TASK TO COMPLETE:
Take the records below from their first line through the line holding "Free People Maroon", and set each of those lines down exactly, without pictures.

---- THE DATA

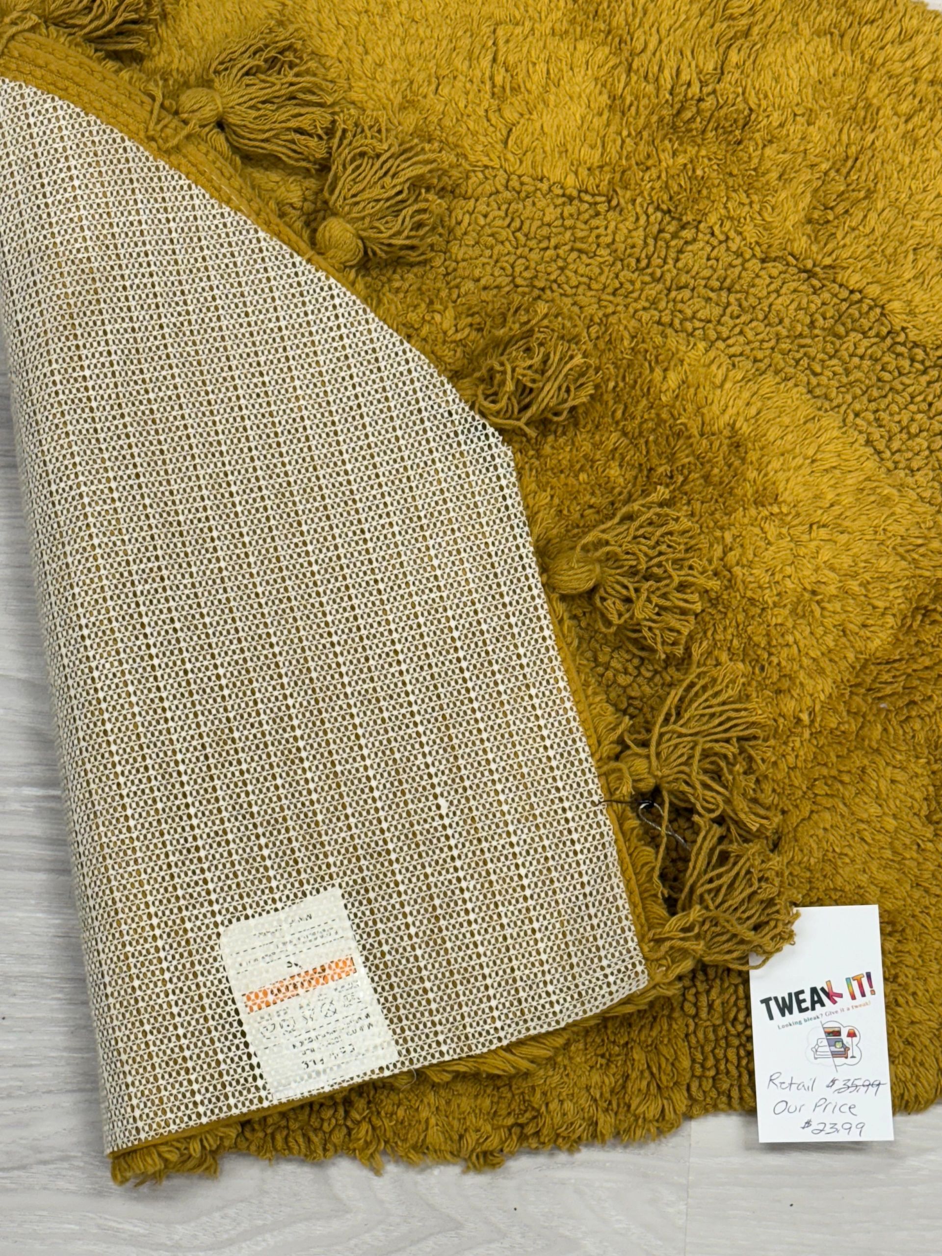 Boho Bathroom Rugs with Tassels Hand Woven Cotton Mat Half Circle Bath Mat Non-Slip Bath Mat for Bathroom Washable Boho Bath Mat Carpet for Bathroom, Shower, Tub 20″x32″ Mustard
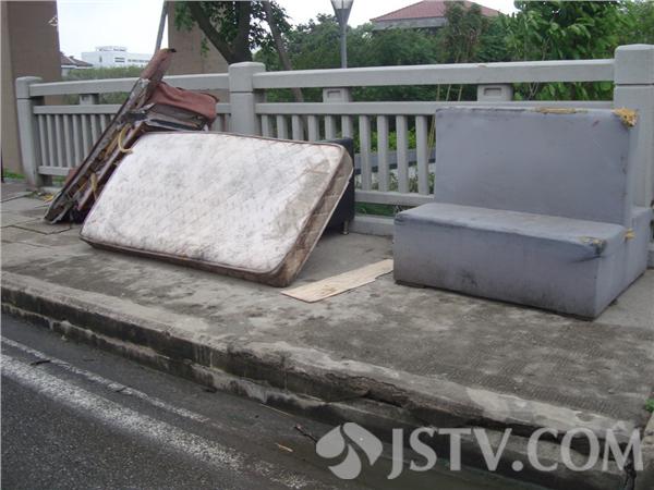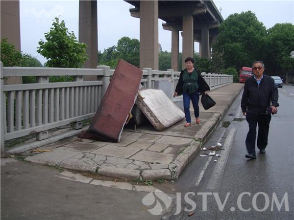 今日早晨,鼓楼区回龙桥上散步居民投诉,附近有些人家打扫除后,把大量旧家具拖在回龙桥上并扔人行通道上,弄脏弄乱了环境不说,还有阻碍行人走路,有碍观瞻,希望有关部门进行清理。
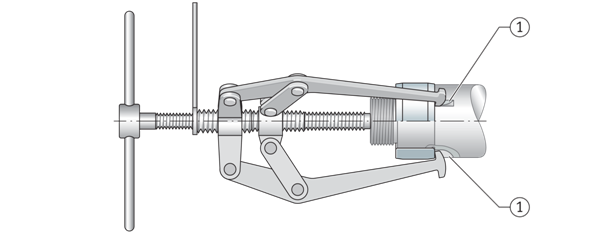 如果內(nèi)圈與軸肩接觸,且沒有提取槽,則可以借助帶夾緊工具的拆卸器拆卸滾珠軸承、圓錐滾子軸承和圓柱滾子軸承。在滾珠軸承拆卸器的情況下,插入拆卸器中的夾緊工具的指狀延伸部接合在內(nèi)圈滾道邊緣上的滾珠之間
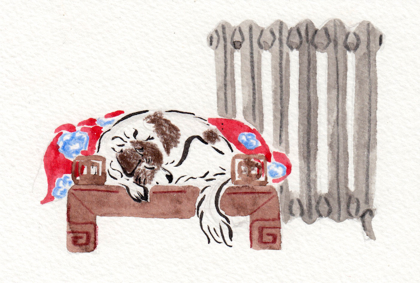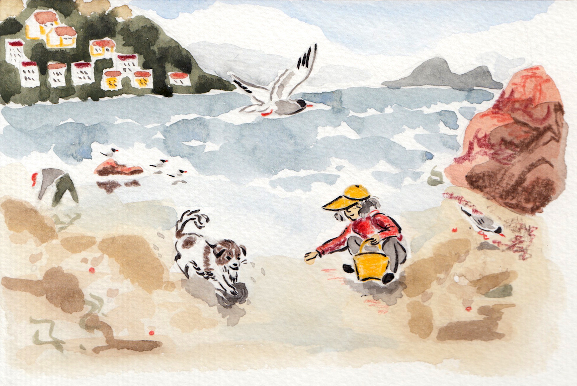 Watercolor paintings of a dog and her friends in Qingdao. 17 x 28cm, 11 x 8cm, and 16.5 x 11cm, watercolor and colored pencil on paper. 2022
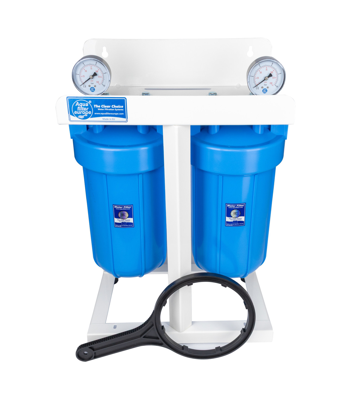 Dwustopniowy system filtracyjny oparty na standardzie Big Blue 10″ z przyłączem 1”, zaprojektowany do pracy na głównym przyłączu wody w domu lub mieszkaniu, a także w instalacjach przemysłowych. Bazuje na konfiguracji z dwoma korpusami Big Blue 10″ zamocowanymi na metalowym stelażu, wyposażonymi w manometry, odpowietrzniki, i komplet przyłączy instalacyjnych. System ten pozwala na elastyczne dopasowanie wkładów filtracyjnych do potrzeb wody w instalacji (np. sedymentacja, węgiel aktywny, wkłady zmiękczające).
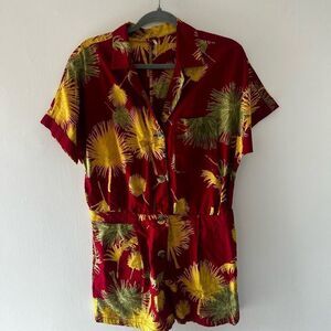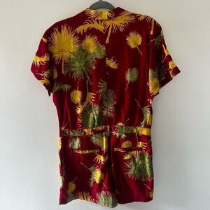 Free People Maroon Red Palm Print Linen Button Front Collared Romper Size M
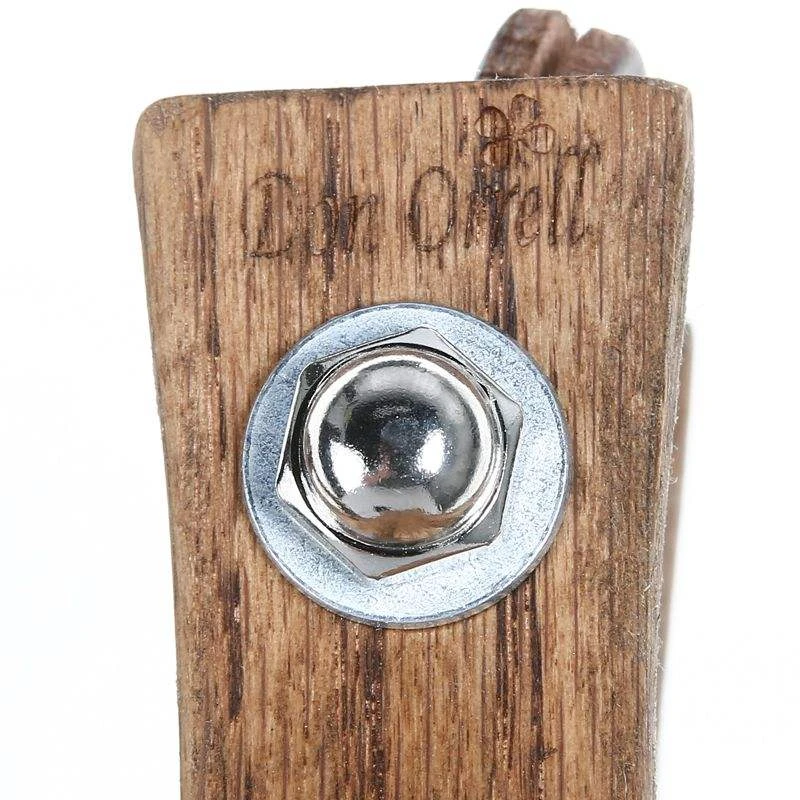 The Don Orrell Offset Stirrup is a favorite among many in the performance horse industry, the offset balance on this stirrup assists in keeping your heels down in those hard stops and slides. This stirrup style is available in 3″ tread width. The inside width is 5.25″. As with all of our stirrups, each layer of laminate is carefully selected so that each stirrup pair matches in wood grain pattern and color. The alternating 7 layers of laminate display two differing types of wood. This gives our stirrups a very distinctive style and added strength. The attention to detail continues with the the stained tread leathers, rounded over edges, and a very durable, exterior finish that will highlight the beautiful wood grains and patterns that make each pair unique.
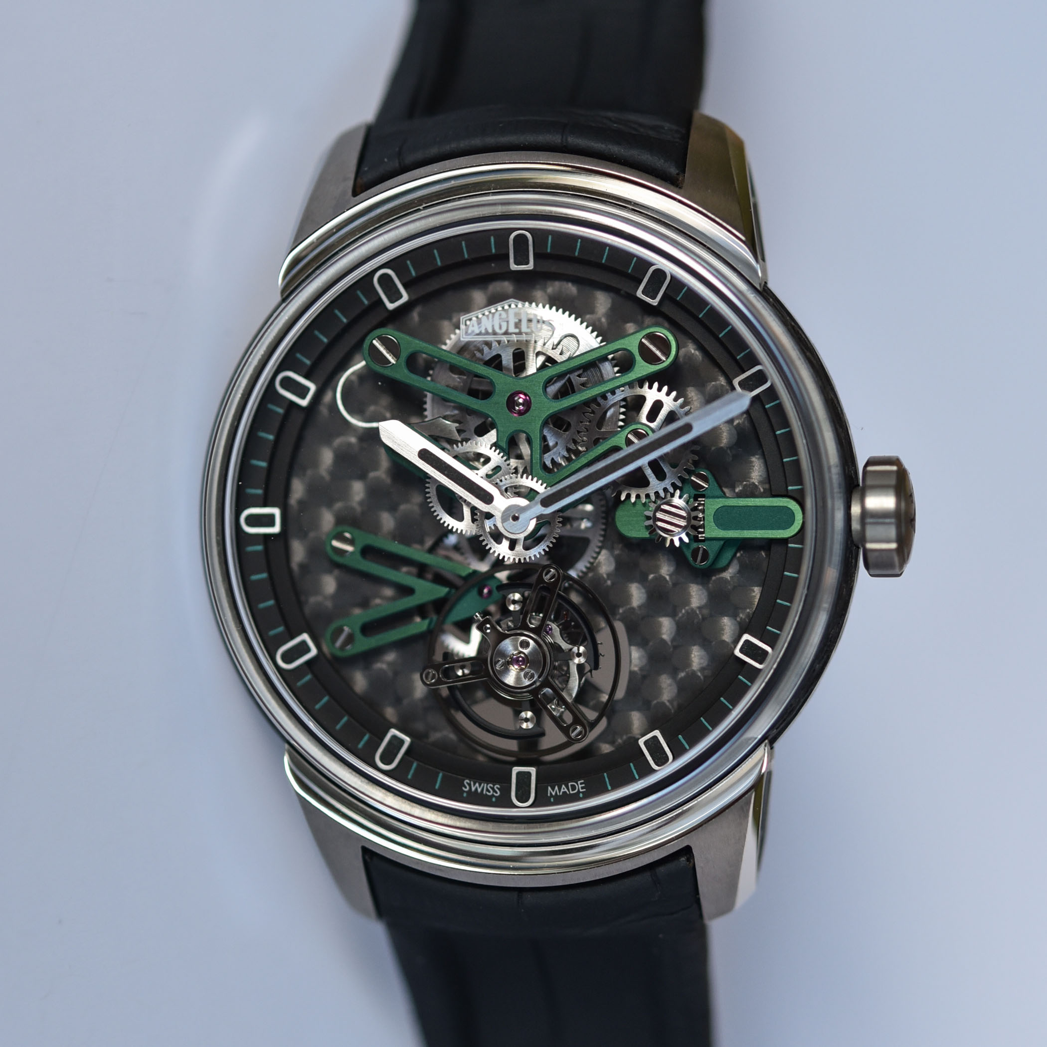 The new Angelus U23 Carbon Cocktail is a sporty, modern flying tourbillon. This attention-grabbing watch is built around a skeletonized movement, the calibre A-250 that reveals its architecture. A CTP carbon mainplate provides the background for the components that are crafted from technical materials and laid bare. The structure of the movement revolves around the symmetry of the barrel at 12 o’clock and the tourbillon at 6 o’clock. A gear train between the two ensures transmission and feels like floating.
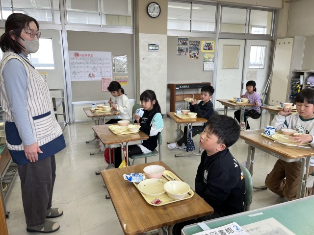 毎日給食の時間になると、給食の先生が全ての教室を回って子ども達の食べている様子を見たり、味の感想を子ども達に聞いたりしてくださっています。
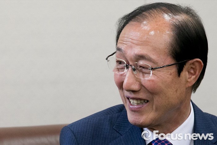 (서울=포커스뉴스) 10일 오후 서울 여의도 새누리당사를 방문한 이원종 대통령비서실장이 김희옥 새누리당 혁신비대위원장과 면담을 하고 있다.
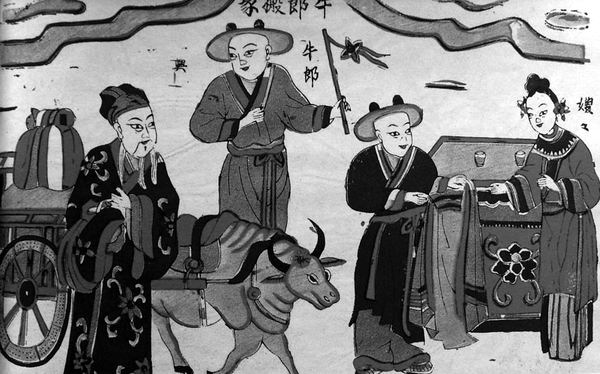 詩(shī)中的牛郎、織女分隔于天河兩岸,男的放牛,女的紡織,終日辛勤勞作,但因煩擾于彼此的無(wú)盡相思而收效不大,詩(shī)中可以使人隱約感覺(jué)到二人相望而不能相聚的幽怨之情。《詩(shī)經(jīng)》中這種隱隱約約的表達(dá)方式,就構(gòu)成了后世這一傳說(shuō)的基礎(chǔ)。至《史記·天官書》中,便有了“織女,天女孫也”的說(shuō)法。于是,在漢代的詩(shī)文中,就增加了故事的許多內(nèi)容,對(duì)女主人公因被迫分離而造成的痛苦的描寫更具體化了。如《古詩(shī)十九首》中的《迢迢牽牛星》詩(shī):
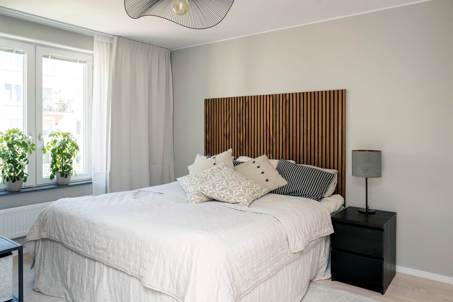 Det finns tre bra sovrum. alla med vitpigmenterade parkettgolv och ljusa väggar. I två av sovrummen finns flertalet garderober för förvaring och alla rum har fina ljusinsläpp genom stora fönsterpartier. Ett av sovrummen har garderober i direkt anslutning utanför rummet och här har man även en lyxig känsla av att lägenhetens andra badrum är en suite.
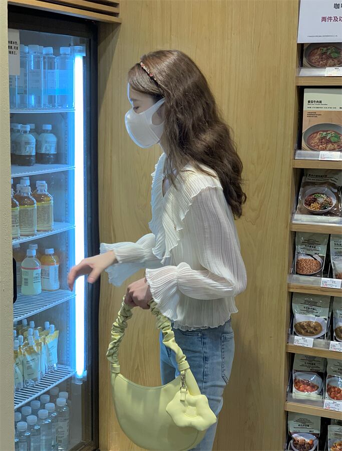 Vネックシャツ オータム薄手ショートトップス 秋物 10/5 秋冬 オータム ウインター ナチュラル mi4696479318663
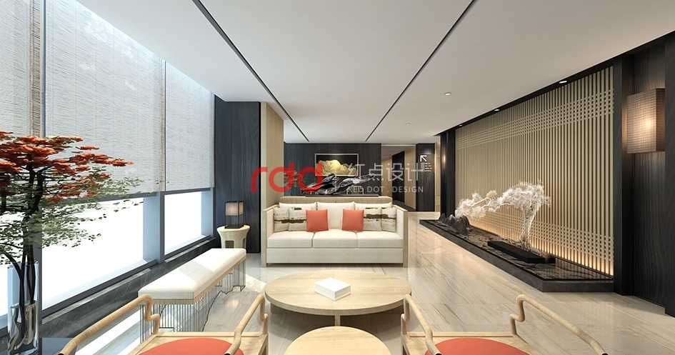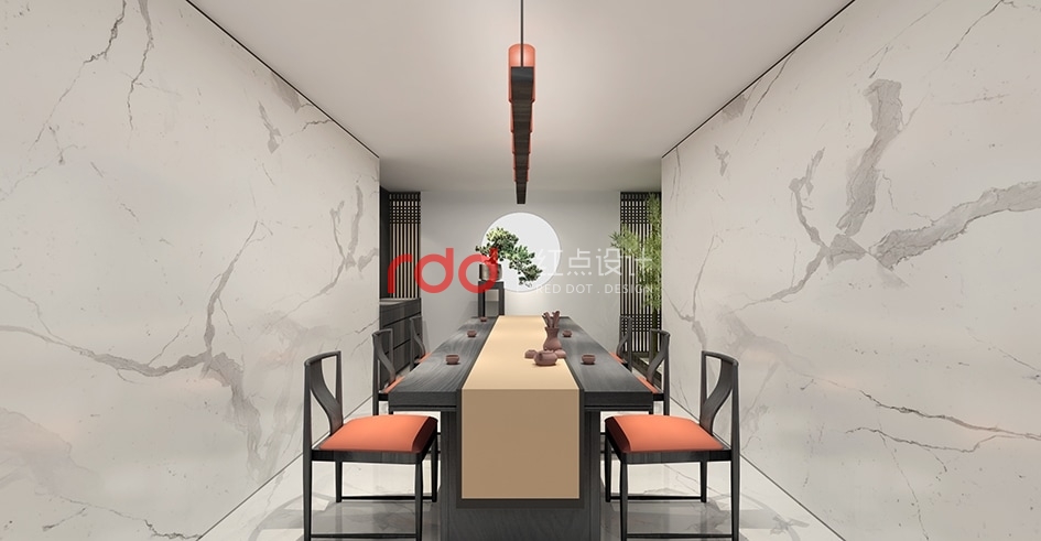相對(duì)于西方來(lái)說(shuō),中國(guó)傳統(tǒng)文化更注重“空”,注重虛空和留白的營(yíng)造。因此,設(shè)計(jì)師在墻面的設(shè)計(jì)及裝飾上并沒(méi)有重復(fù)的運(yùn)用材質(zhì)和藝術(shù)裝置堆滿整個(gè)空間。讓整面墻干凈整潔甚至留白也不失為一個(gè)明智之舉。
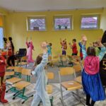 W dniu 13 lutego w naszej szkole odbył się bal karnawałowy dla uczniów klasy 1. Tego dnia sala lekcyjna zamieniła się w prawdziwą salę balową pełną kolorów, muzyki i radości. Dzieci przyszły w przepięknych przebraniach. Wśród uczestników można było spotkać księżniczki, superbohaterów, piłkarzy, jednorożce, zwierzątka oraz wiele innych bajkowych postaci. Każdy strój był wyjątkowy i przygotowany z ogromnym zaangażowaniem. Podczas balu nie zabrakło wspólnych tańców, zabaw oraz konkursów. Uczniowie z wielką radością uczestniczyli w przygotowanych atrakcjach, a na ich twarzach przez cały czas gościł uśmiech. Była to doskonała okazja do integracji, wspólnej zabawy i rozwijania dziecięcej wyobraźni. Bal karnawałowy w klasie 1 na długo pozostanie w pamięci uczniów jako dzień pełen radości, śmiechu i wspaniałej zabawy.
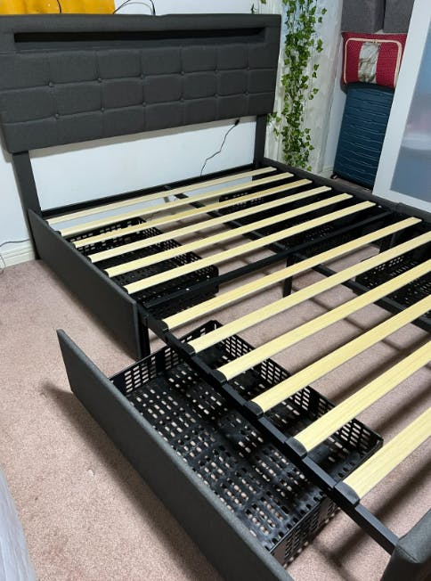 - Practical Bed Frame with 4 Drawers: 4 large drawers underneath the bed frame suit storage needs & improve space utilization, which is convenient to store your out-of-season clothes, bed sheets, books or other sundries. And each drawer is equipped with casters for easy sliding in and out.

--------

TASK ANSWER:
 Boho Bathroom Rugs with Tassels Hand Woven Cotton Mat Half Circle Bath Mat Non-Slip Bath Mat for Bathroom Washable Boho Bath Mat Carpet for Bathroom, Shower, Tub 20″x32″ Mustard
 今日早晨,鼓楼区回龙桥上散步居民投诉,附近有些人家打扫除后,把大量旧家具拖在回龙桥上并扔人行通道上,弄脏弄乱了环境不说,还有阻碍行人走路,有碍观瞻,希望有关部门进行清理。
 如果內(nèi)圈與軸肩接觸,且沒有提取槽,則可以借助帶夾緊工具的拆卸器拆卸滾珠軸承、圓錐滾子軸承和圓柱滾子軸承。在滾珠軸承拆卸器的情況下,插入拆卸器中的夾緊工具的指狀延伸部接合在內(nèi)圈滾道邊緣上的滾珠之間
 Watercolor paintings of a dog and her friends in Qingdao. 17 x 28cm, 11 x 8cm, and 16.5 x 11cm, watercolor and colored pencil on paper. 2022
 Dwustopniowy system filtracyjny oparty na standardzie Big Blue 10″ z przyłączem 1”, zaprojektowany do pracy na głównym przyłączu wody w domu lub mieszkaniu, a także w instalacjach przemysłowych. Bazuje na konfiguracji z dwoma korpusami Big Blue 10″ zamocowanymi na metalowym stelażu, wyposażonymi w manometry, odpowietrzniki, i komplet przyłączy instalacyjnych. System ten pozwala na elastyczne dopasowanie wkładów filtracyjnych do potrzeb wody w instalacji (np. sedymentacja, węgiel aktywny, wkłady zmiękczające).
 Free People Maroon Red Palm Print Linen Button Front Collared Romper Size M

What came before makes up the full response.